> Task objective
Keep the pictures out and restate every record exactly.

[[ Provided records, beginning ]]

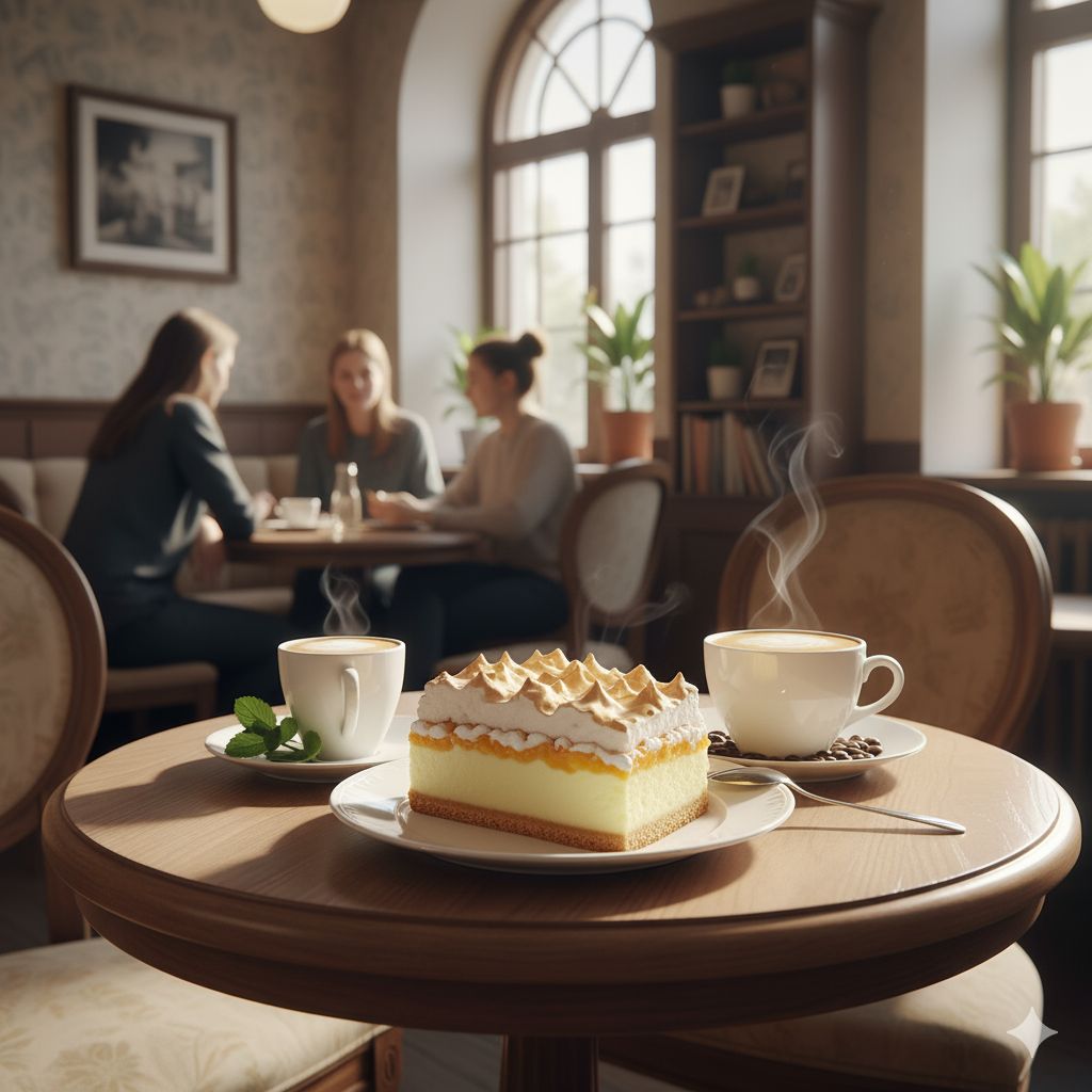 Igazi kellemes, kertvárosi cukrászda, amibe belépünk a melegen sütő októberi napfényben.
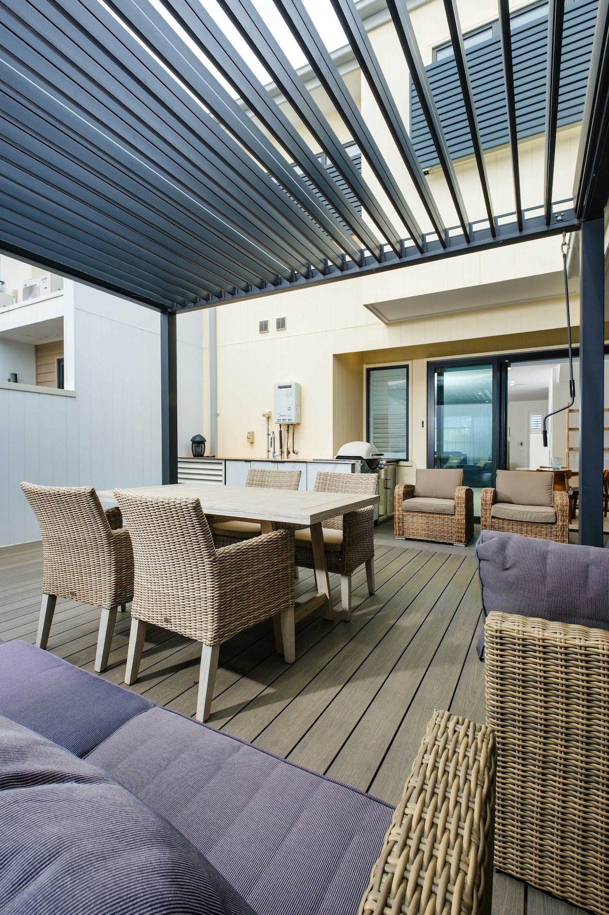 Mėgaukitės stilingu potyriu šiame centre esančiame dviejų miegamųjų dviejų vonios kambarių name su 10 sūkurine vonia ir privačiu balkonu bei kiemu. Šis idealaus stiliaus miesto namas yra vos už kelių žingsnių nuo The Terrace Street valgomojo, prekybos centro ir paplūdimio (500 m). Prekybos centras ir kepykla už minutės kelio pėsčiomis. Pilnai įrengta virtuvė, skalbykla ir nemokamas neribotas BELAIDIS INTERNETAS ir patalynė - visa tai skirta patogiai viešnagei. Saugi privati automobilių stovėjimo aikštelė po priedanga. Griežtai draudžiama rengti vakarėlius ir rūkyti draudžiama.
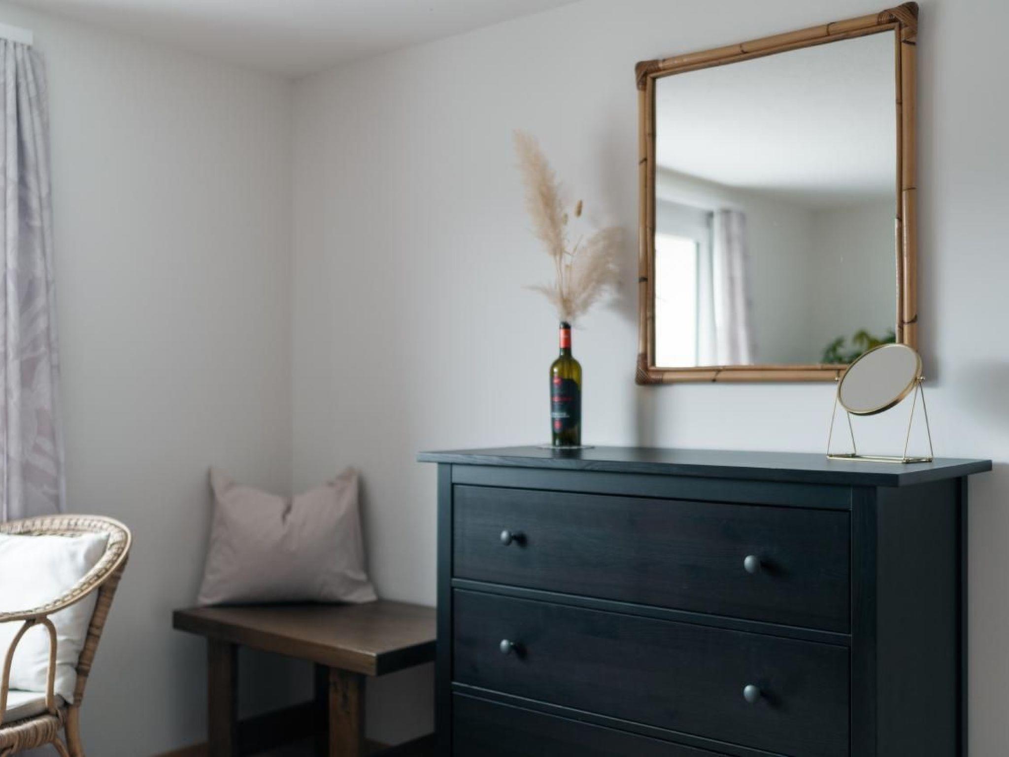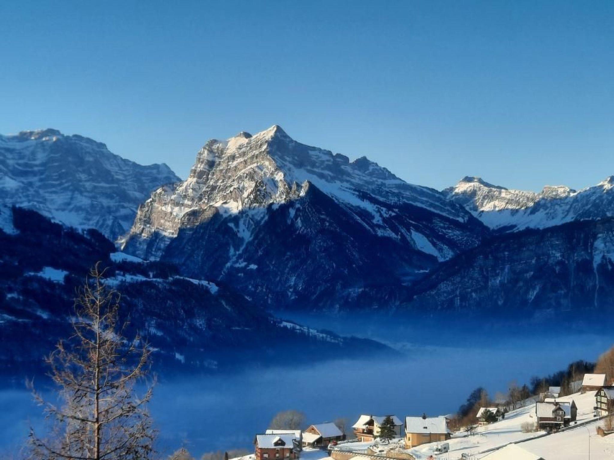 Willkommen in Amden! "Meine Brüder, Freunde und ich waren absolut von den Aussichten vom Balkon aus begeistert. Die Unterkunft hat eine tolle Lage und ist sehr geräumig. In unmittelbarer Umgebung gibt es ein paar Supermärkte. Der Sessellift ist ebenso nur in ein paar Minuten zu Fuß erreichbar. P.e.t.e.r. und V.e.r.e.n.a. waren total freundlich und hilfsbereit! Immer, wenn wir Fragen oder was benötigt haben, haben sie uns geholfen. Wir bedanken uns für die Gastfreundschaft! :)" LG S. Dezember 2022 Entspannt euch mit eurer Familie und euren Freunden in unserer 110m2 grossen Wohnung. Wir haben eine komfortable 5 Zimmerwohnung mit 4 Schlafzimmer à je 2 Betten, 2 Doppelbetten und 4 Einzelbetten. Vom Wohnzimmer, dem Balkon und der Mastersuite geniesst ihr wunderschöne Sonnenuntergänge über den Bergen. Der grosse Esstisch lädt zu Fondue oder Raclette ein. Die 4 Schlafzimmer haben eine unterschiedlicher Ausstattung und Design. Im Hauptschlafzimmer befindet sich ein Doppelbett mit Sicht auf die Sterne, wenn die Verhältnisse klar sind. Dazu kommen 2 Stühle mit einem Tischchen und einer Kommode. Hier gibt es auch genügend Platz für ein Babybett, welches wir zur Verfügung stellen können. Das 2. Zimmer mit Doppelbett ist unser Täferzimmer, in dem alles aus Holz ist und das sich sehr heimelig anfühlt. In diesem Zimmer haben wir auch die traditionellen rot-weiss karierte Bettwäsche und Vorhänge. In unserem Palettenzimmer befinden sich 2 Palettenbetter, die nach frischem Holz riechen. Dieses Zimmer ist mit Bettwäsche und Vorhängen in türkis ausgestattet. Dieses Zimmer eignet sich auch für Kinder gut. Das Kinderzimmer mit 2 niedrigen Betten verfügt ebenfalls über rot-weiss karierte Bettwäsche und Vorhänge sowie zwei schönen Bilder. Der Essbereich mit dem riesigen Tisch bietet allen Gäste bequem Platz, um ein feines Fondue oder Raclette zu geniessen und anzustossen. Der Wohnbereich befindet sich gleich neben dem Essbereich und ist mit 2 schönen Sofas und einem Sessel ausgestattet. Natürlich gibt es auch einen Fernseher, kostenloses WiFi und Pflanzen. Auf dem Balkon kann man gemütlich verweilen und den Abend mit einem Bier oder Glas Wein ausklingen lassen, den Sonnenuntergang bestaunen oder etwas auf dem Gasgrill grillieren. Die Küche ist komplett ausgestattet, und es sind immer einige Grundnahrungsmittel wie Zucker, Kaffee/Tee , aber auch Essig, Öl, Pfeffer Gewürze usw. an Lager. Die Wohnung verfügt über eine Nasszelle mit Bad, Doppel-Waschbecken und Toilette. Handtücher und Trocknungstücher werden zur Verfügung gestellt.
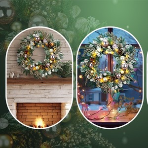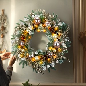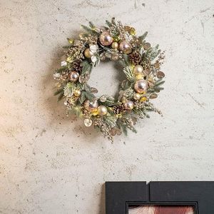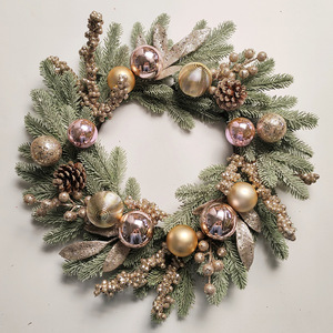 跨境亚马逊圣诞花环批发仿真松针红果松果圣诞花环圣诞节装饰花圈
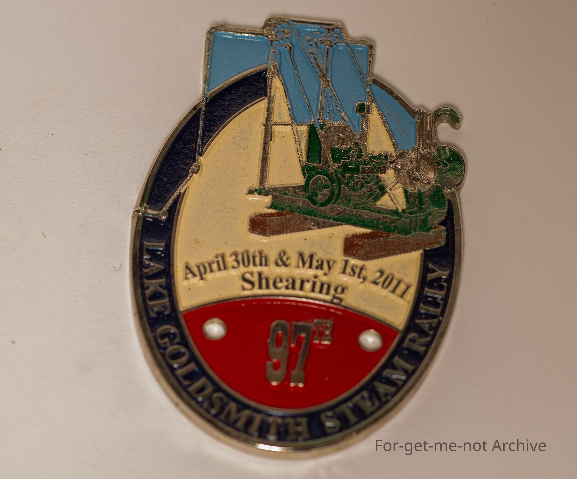 Is a plaque commemorating the 97th Lake Goldsmiths Steam Rally which featured collectibles in the shearing field with an image of a 2 stand shearing plant.
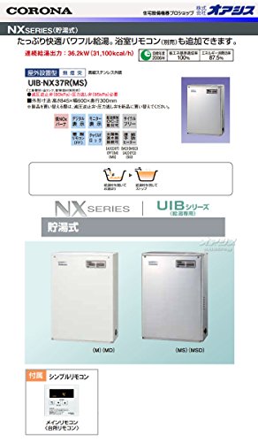 コロナ灯油ボイラー給湯専用貯湯式 UIB-NX37P(MS)高級ステンレス外装 前面排気型 メインリモコン付属のご紹介です。
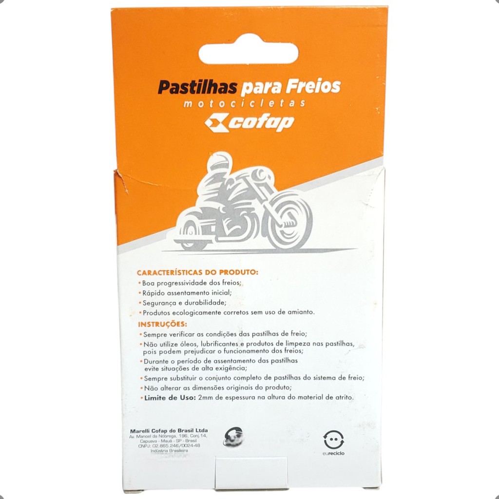 PASTILHA DE FREIO TRASEIRA COFAP - DAFRA NEXT 250 / KYMCO Especificações Técnicas: Marca: Cofap (Original) Produto: Pastilha de Freio Traseira Código Cofap: PFC590003 Tipo: Orgânica Referência OEM: 45105-LB1-73050 Aplicação: Exclusivamente no eixo Traseiro (T) Dimensões: Este kit contém duas pastilhas com tamanhos diferentes. Pastilha 1: 73,00 x 47,00 x 11,00 mm Pastilha 2: 94,00 x 47,00 x 8,50 mm Conteúdo: 1 Jogo de pastilhas para a pinça de freio traseira. PEÇA ORIGINAL COFAP - ENVIO COM NOTA FISCAL E GARANTIA DE 3 MESES ATENÇÃO: JOGO COM 2 PASTILHAS DE TAMANHOS DIFERENTES Este kit de pastilha traseira contém duas peças com medidas distintas. Isso NÃO é um erro, é a característica correta para o design da pinça de freio dos modelos listados abaixo. APLICAÇÃO TRASEIRA (EIXO T) DAFRA Next 250 - 2012 a 2017 Roadwin 250 - 2011 a 2016 KYMCO Agility Maxi 300i ABS – 2015 a 2021 MXU 300 R – 2010 a 2012 MXU 500i – 2009 a 2012 POR QUE ESCOLHER AS PASTILHAS DE FREIO COFAP? Tecnologia e Qualidade Original: Utilize na sua moto a tecnologia e a confiança da Cofap, uma marca líder que é sinônimo de qualidade original. Estas pastilhas garantem uma performance de frenagem segura e consistente, exatamente como o projeto da sua moto exige. Engenharia de Encaixe Perfeito: O design com duas pastilhas de tamanhos diferentes é proposital. Ele assegura o encaixe e o contato perfeitos com a pinça e o disco de freio, otimizando a frenagem, evitando ruídos e garantindo um desgaste uniforme. Durabilidade para Todas as Condições: Fabricadas com um composto orgânico de alta qualidade, as pastilhas Cofap oferecem durabilidade superior e excelente resposta de frenagem, seja no trânsito urbano, em estradas ou no uso off-road dos quadriciclos. Perguntas Frequentes 1. Recebi o produto e as duas pastilhas têm tamanhos diferentes. Está correto? Sim, está 100% correto. Para os modelos listados, o projeto da pinça de freio traseira exige que as pastilhas interna e externa tenham medidas distintas para um funcionamento perfeito. 2. Esta pastilha serve no freio dianteiro? Não. Este modelo PFC590003 é específico para aplicação no freio traseiro das motos e quadriciclos indicados na lista. 3. O valor é referente ao par de pastilhas? Sim. O valor é referente ao jogo completo para a pinça de freio traseira, contendo as duas pastilhas necessárias para a troca. Dúvidas? A equipe da Bonanza Auto Peças está à disposição para qualquer esclarecimento.

[[ Provided records, end ]]

> Answer section
 Igazi kellemes, kertvárosi cukrászda, amibe belépünk a melegen sütő októberi napfényben.
 Mėgaukitės stilingu potyriu šiame centre esančiame dviejų miegamųjų dviejų vonios kambarių name su 10 sūkurine vonia ir privačiu balkonu bei kiemu. Šis idealaus stiliaus miesto namas yra vos už kelių žingsnių nuo The Terrace Street valgomojo, prekybos centro ir paplūdimio (500 m). Prekybos centras ir kepykla už minutės kelio pėsčiomis. Pilnai įrengta virtuvė, skalbykla ir nemokamas neribotas BELAIDIS INTERNETAS ir patalynė - visa tai skirta patogiai viešnagei. Saugi privati automobilių stovėjimo aikštelė po priedanga. Griežtai draudžiama rengti vakarėlius ir rūkyti draudžiama.
 Willkommen in Amden! "Meine Brüder, Freunde und ich waren absolut von den Aussichten vom Balkon aus begeistert. Die Unterkunft hat eine tolle Lage und ist sehr geräumig. In unmittelbarer Umgebung gibt es ein paar Supermärkte. Der Sessellift ist ebenso nur in ein paar Minuten zu Fuß erreichbar. P.e.t.e.r. und V.e.r.e.n.a. waren total freundlich und hilfsbereit! Immer, wenn wir Fragen oder was benötigt haben, haben sie uns geholfen. Wir bedanken uns für die Gastfreundschaft! :)" LG S. Dezember 2022 Entspannt euch mit eurer Familie und euren Freunden in unserer 110m2 grossen Wohnung. Wir haben eine komfortable 5 Zimmerwohnung mit 4 Schlafzimmer à je 2 Betten, 2 Doppelbetten und 4 Einzelbetten. Vom Wohnzimmer, dem Balkon und der Mastersuite geniesst ihr wunderschöne Sonnenuntergänge über den Bergen. Der grosse Esstisch lädt zu Fondue oder Raclette ein. Die 4 Schlafzimmer haben eine unterschiedlicher Ausstattung und Design. Im Hauptschlafzimmer befindet sich ein Doppelbett mit Sicht auf die Sterne, wenn die Verhältnisse klar sind. Dazu kommen 2 Stühle mit einem Tischchen und einer Kommode. Hier gibt es auch genügend Platz für ein Babybett, welches wir zur Verfügung stellen können. Das 2. Zimmer mit Doppelbett ist unser Täferzimmer, in dem alles aus Holz ist und das sich sehr heimelig anfühlt. In diesem Zimmer haben wir auch die traditionellen rot-weiss karierte Bettwäsche und Vorhänge. In unserem Palettenzimmer befinden sich 2 Palettenbetter, die nach frischem Holz riechen. Dieses Zimmer ist mit Bettwäsche und Vorhängen in türkis ausgestattet. Dieses Zimmer eignet sich auch für Kinder gut. Das Kinderzimmer mit 2 niedrigen Betten verfügt ebenfalls über rot-weiss karierte Bettwäsche und Vorhänge sowie zwei schönen Bilder. Der Essbereich mit dem riesigen Tisch bietet allen Gäste bequem Platz, um ein feines Fondue oder Raclette zu geniessen und anzustossen. Der Wohnbereich befindet sich gleich neben dem Essbereich und ist mit 2 schönen Sofas und einem Sessel ausgestattet. Natürlich gibt es auch einen Fernseher, kostenloses WiFi und Pflanzen. Auf dem Balkon kann man gemütlich verweilen und den Abend mit einem Bier oder Glas Wein ausklingen lassen, den Sonnenuntergang bestaunen oder etwas auf dem Gasgrill grillieren. Die Küche ist komplett ausgestattet, und es sind immer einige Grundnahrungsmittel wie Zucker, Kaffee/Tee , aber auch Essig, Öl, Pfeffer Gewürze usw. an Lager. Die Wohnung verfügt über eine Nasszelle mit Bad, Doppel-Waschbecken und Toilette. Handtücher und Trocknungstücher werden zur Verfügung gestellt.
 跨境亚马逊圣诞花环批发仿真松针红果松果圣诞花环圣诞节装饰花圈
 Is a plaque commemorating the 97th Lake Goldsmiths Steam Rally which featured collectibles in the shearing field with an image of a 2 stand shearing plant.
 コロナ灯油ボイラー給湯専用貯湯式 UIB-NX37P(MS)高級ステンレス外装 前面排気型 メインリモコン付属のご紹介です。
 PASTILHA DE FREIO TRASEIRA COFAP - DAFRA NEXT 250 / KYMCO Especificações Técnicas: Marca: Cofap (Original) Produto: Pastilha de Freio Traseira Código Cofap: PFC590003 Tipo: Orgânica Referência OEM: 45105-LB1-73050 Aplicação: Exclusivamente no eixo Traseiro (T) Dimensões: Este kit contém duas pastilhas com tamanhos diferentes. Pastilha 1: 73,00 x 47,00 x 11,00 mm Pastilha 2: 94,00 x 47,00 x 8,50 mm Conteúdo: 1 Jogo de pastilhas para a pinça de freio traseira. PEÇA ORIGINAL COFAP - ENVIO COM NOTA FISCAL E GARANTIA DE 3 MESES ATENÇÃO: JOGO COM 2 PASTILHAS DE TAMANHOS DIFERENTES Este kit de pastilha traseira contém duas peças com medidas distintas. Isso NÃO é um erro, é a característica correta para o design da pinça de freio dos modelos listados abaixo. APLICAÇÃO TRASEIRA (EIXO T) DAFRA Next 250 - 2012 a 2017 Roadwin 250 - 2011 a 2016 KYMCO Agility Maxi 300i ABS – 2015 a 2021 MXU 300 R – 2010 a 2012 MXU 500i – 2009 a 2012 POR QUE ESCOLHER AS PASTILHAS DE FREIO COFAP? Tecnologia e Qualidade Original: Utilize na sua moto a tecnologia e a confiança da Cofap, uma marca líder que é sinônimo de qualidade original. Estas pastilhas garantem uma performance de frenagem segura e consistente, exatamente como o projeto da sua moto exige. Engenharia de Encaixe Perfeito: O design com duas pastilhas de tamanhos diferentes é proposital. Ele assegura o encaixe e o contato perfeitos com a pinça e o disco de freio, otimizando a frenagem, evitando ruídos e garantindo um desgaste uniforme. Durabilidade para Todas as Condições: Fabricadas com um composto orgânico de alta qualidade, as pastilhas Cofap oferecem durabilidade superior e excelente resposta de frenagem, seja no trânsito urbano, em estradas ou no uso off-road dos quadriciclos. Perguntas Frequentes 1. Recebi o produto e as duas pastilhas têm tamanhos diferentes. Está correto? Sim, está 100% correto. Para os modelos listados, o projeto da pinça de freio traseira exige que as pastilhas interna e externa tenham medidas distintas para um funcionamento perfeito. 2. Esta pastilha serve no freio dianteiro? Não. Este modelo PFC590003 é específico para aplicação no freio traseiro das motos e quadriciclos indicados na lista. 3. O valor é referente ao par de pastilhas? Sim. O valor é referente ao jogo completo para a pinça de freio traseira, contendo as duas pastilhas necessárias para a troca. Dúvidas? A equipe da Bonanza Auto Peças está à disposição para qualquer esclarecimento.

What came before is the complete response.